The most famous midwife in Paris during the early 1600s was Madame Louise Bourgeois, who brought Louis XIII into the world. Here is Madame's Rx for breast cancer, according to A History of the Breast: “Take a half-pound of lard and dissolve it, a small amount of new wax, two ounces of pitch [tar], and from all of this make an ointment, with which you will plaster the breast once it has been lanced.”

Chemo 101

For many breast cancer patients, chemo is the next step after surgery. Chemo and radiation are both very intensive and their cumulative impact makes you tired, so doctors typically administer them separately. One advantage of leaving radiation for last is that it gives your breast more time to heal after surgery, but the order in which you receive the two may be a function of the policy of your hospital, or whether your cancer is estrogen-receptor positive. In some cases, chemo is given even before surgery to reduce the size of the tumor.
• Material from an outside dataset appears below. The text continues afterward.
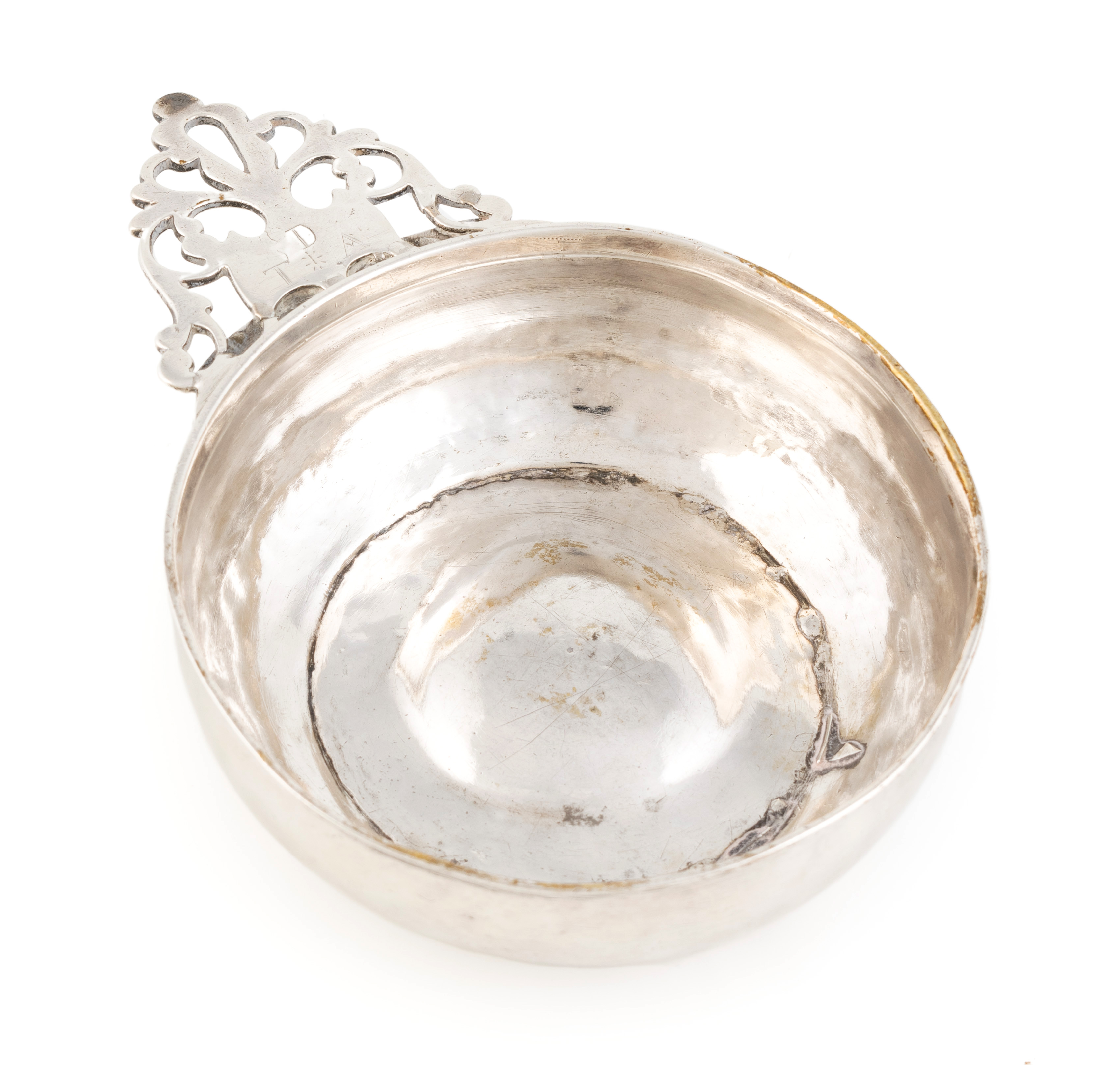 circular bowl, the handle with pierced decoration, scratch initialled 'D' over 'T*A', repaired, length 19.2cm, approx. weight 6.8oz.

Chemo is a “systemic” treatment (because it travels throughout your system) that is administered either in pill form or through an IV (intravenous needle). There are different kinds of chemo and different chemo combinations, or “cocktails.” What they basically do is kill off fast-growing cells by interfering with the rogue cells' ability to divide. Cancer cells are fast-growing cells; unlike my own mathematical abilities, they divide and multiply with lightning speed. Eventually, they crowd out the normal cells, preventing the body from performing its necessary functions. Chemo singles out fast-growing cells and says to them, “Can't you read the sign? This is a no-dividing, no-multiplying zone! Move along!”

However, the chemo cannot differentiate between the “bad” fast-growing cells and the “good” fast-growing cells, which happen to be the ones in the digestive tract, the reproductive organs, the bone marrow (where new blood cells are manufactured), and the hair follicles. This explains some of chemo's famous side effects, like runny nose, upset stomach, low blood counts, and hair loss. The amount or type of side effects you get are not an indication of how and whether the chemo is working, but of how your body happens to respond under the circumstances.

Chemo is administered (generally on an out-patient basis) in “cycles,” meaning that the body gets to recover a bit (usually three or four weeks) before the next infusion. Shorter cycles are now possible using new bone marrow stimulants, but these are not considered standard at present. Four doses, then, would typically take about three months.

Like all cells, cancer cells go through growth phases. The exact effect of various chemotherapy agents is not always the same and the mechanisms by which they kill cells is not necessarily known. In general, scientists think chemo attacks cancer cells before they are able to divide. Since different cells are at different growth phases at different times, the chemo kills off cancer cells in waves, then hits others during the next round of treatments, etc. The first blast of chemo wipes out as many cancer cells as possible. After that, the chemo continues to “stalk malignant cells,” as one book describes the process, which brings to mind chemo molecules in hunting caps and red-plaid jackets. In fact, scientists believe that the same proportion of cells are killed with each dose. However, this presents a problem similar to the man who halves the distance home with each step-he never actually gets there!

In addition, cells may grow back after each treatment. The hope is that enough cycles of effective treatment will kill enough cancer cells to allow other bodily defenses to limit growth of cancer cells.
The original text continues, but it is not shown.